A place of feral beauty and surprise
Just when you think that
there isn’t any magic
pink dogwoods happen
I live on the Russian River, with Fitch Mountain above me. In verbal shorthand, I say I live on Fitch Mountain. Some 330 homes make up this residential designation.
What holds Fitch Mountain together as a community is that we share one mountain, one road and one river.
As anyone who lives on a waterway, or on a road used by all can tell you, there is an interdependence based on this commonality, acknowledged or otherwise. The residents here live in direct communication with nature.
In the 20 years I’ve lived on the mountain, I’ve had visitations from deer, of course, but brazen ones who, straddling my tomato plants, stand their ground as I approach, foxes in profusion, opossums, raccoons, bobcats climbing up my stairs to the road, and even a wild boar, streaking down the slope from Bailhache, and swimming across the river like a shot, then loping upriver along the bank, his backbone bristles all aquiver.
Someone can correct me if I’m wrong, but as far as I know our mountain is the only protected urban peak of its kind in California. We owe a debt of gratitude to the city, the county, LandPaths, The Open Space District, Francez LLC and countless volunteers for making sure that our mountain will never be peppered with homes, leaving her a place of feral beauty and surprise.
When I first came to live on Fitch Mountain, I’d have to chauffeur my friends to my house from town, because they wouldn’t drive on our bumpy, windy, potholed road. In 2001, at the start of my real estate career in Healdsburg, many realtors wouldn’t come up here to sell property.
That’s changed as housing prices on Fitch Mountain followed the meteoric rise of home values in town. Even though we share the coveted zip code, 95448, we can’t vote on what happens in Healdsburg.
And when the city tightened its sanctions on vacation rentals, Fitch Mountain began to absorb the people who wanted a second home in Healdsburg and to offset the expense by using it as a vacation rental. One only needs to see the parade of luxury cars on Fitch Mountain Road and its tiny tributaries to see how much the demographic has changed.
The collateral damage here has been affordable cabins to live in, a fact I lament. But Fitch Mountain has always been a second home community, and its genesis was as a vacation community for the Bay Area.

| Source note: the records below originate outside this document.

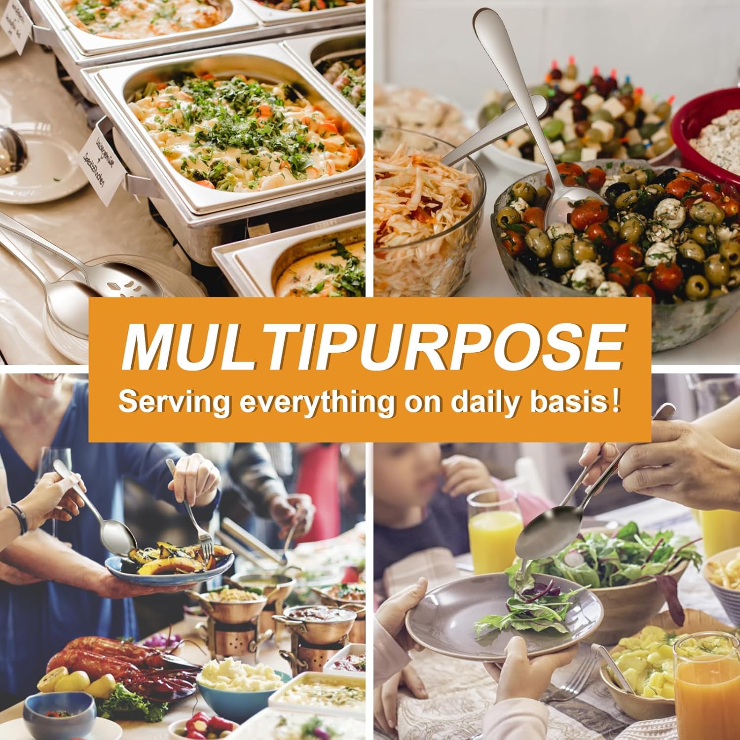 - 【High Quality & Durable】These serving utensils adopts a strong structure, made of food-grade stainless steel that the serving spoons are solid, corrosion-resistant, rust-resistant, no smell,no bending. Ensuring you enjoy the food safely and provide you with a durable serving spoon set that can be used for many years. What's more, these spoons are dishwasher safe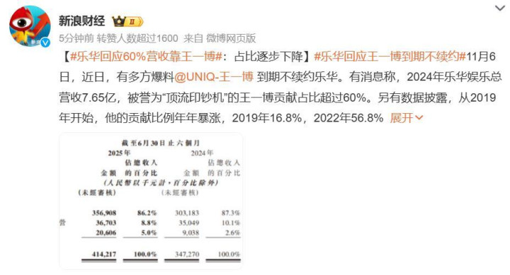 乐华投资者关系部门在正式回应中明确表示,王一博在公司的收入占比“正逐步下降”。这一表态背后,似乎暗示着乐华在艺人培养和业务布局上有着更为深远的规划。从公司的发展战略角度来看,过度依赖单一艺人无疑是一把双刃剑。尽管王一博凭借其超高的人气和卓越的演艺才华,为乐华带来了巨额的收入和广泛的品牌影响力,但这种高度集中的营收模式也给公司带来了潜在的风险。一旦艺人出现负面事件或者合约到期等情况,公司的业绩很可能会遭受重创。乐华强调收入占比下降,或许是希望向投资者和市场传递一个信号:公司正在积极调整业务结构,降低对单一艺人的依赖,以实现更加稳健和可持续的发展。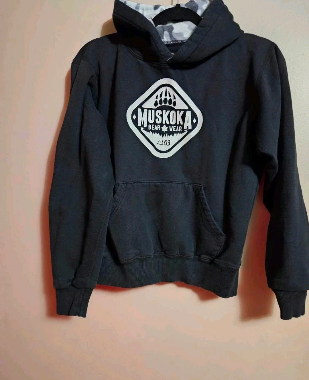 Boys youth sz XL ( fits more like a L) Muskoka Bear Wear hoodie. It's a pullover style with a front pocket. The interior of the hood has a camouflage pattern.

Lots were sold at Camp Rose in the late 1920s, with families taking the train up from the city and spending the summers frolicking on the river while fathers came up on the weekends from their jobs.
I have a friend in his mid 60s whose family has owned the cabin, in which he and his wife now live, for 60 years, an uncommon scenario in our mobile society in California. There is a high concentration of artistic folks who live here, attracted by the beauty of the natural surroundings, the one of a kind nature of its dwellings, and the once affordable homes.

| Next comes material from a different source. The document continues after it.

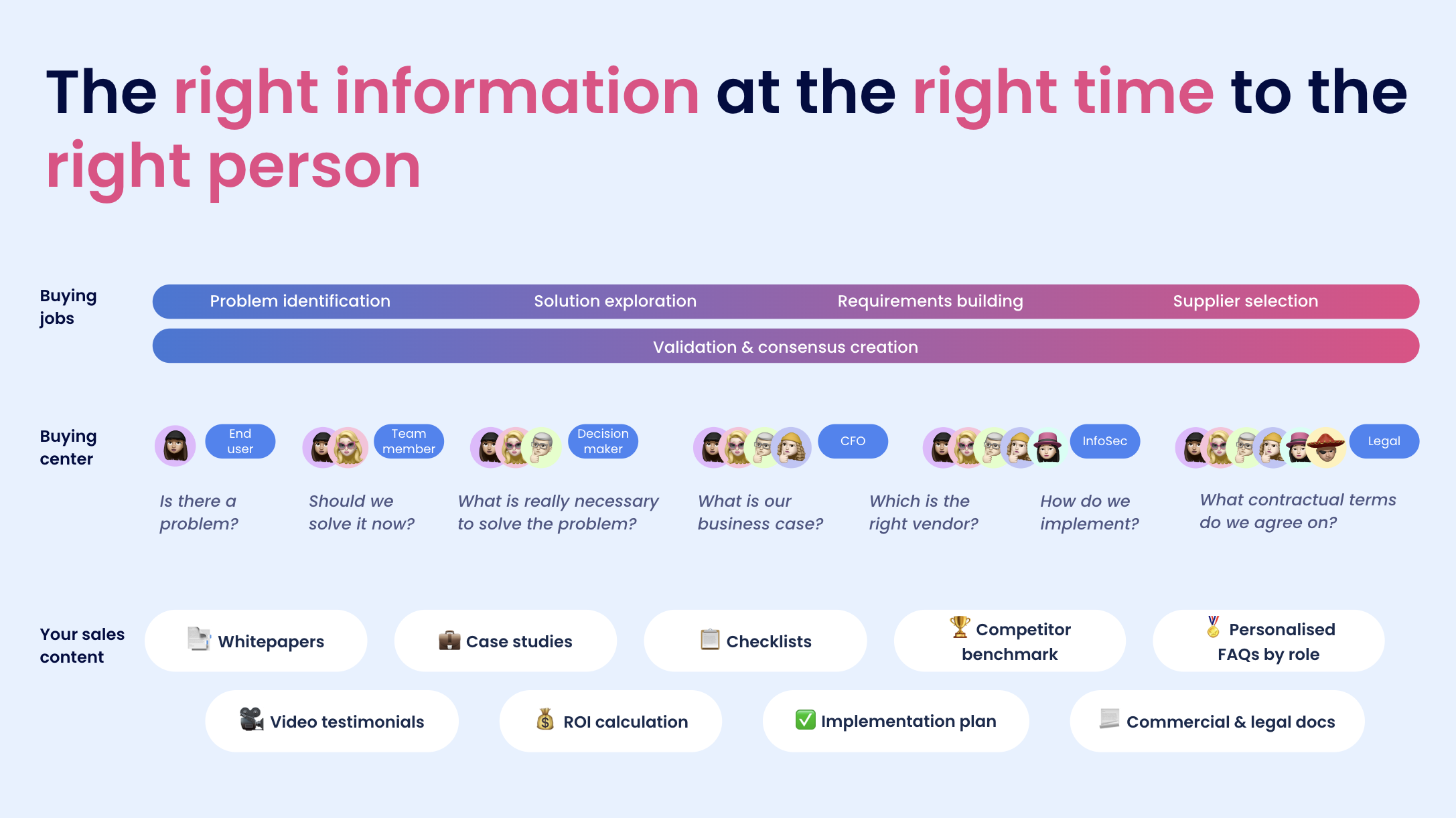 As the buying process advances, more stakeholders typically join the decision. Often, a sales champion shares information internally, which can limit your visibility and control. While a strong champion can help, it’s better to get all stakeholders into the Destination. This ensures you can directly meet their information needs and maintain transparency. For more, see the article on multithreading with emlen.

I love the wabi-sabi quality of the residences on Fitch Mountain, and the people who go with them.
I welcome all the newcomers to our mountain, but just as Sonoma puts new residents on notice that we are a “right to farm” county, I want new Fitch Mountaineers to know that nature comes first up here, the trees; the wildlife, the birds, the dark night sky and the luxurious quiet of a long, Fitch Mountain sleep.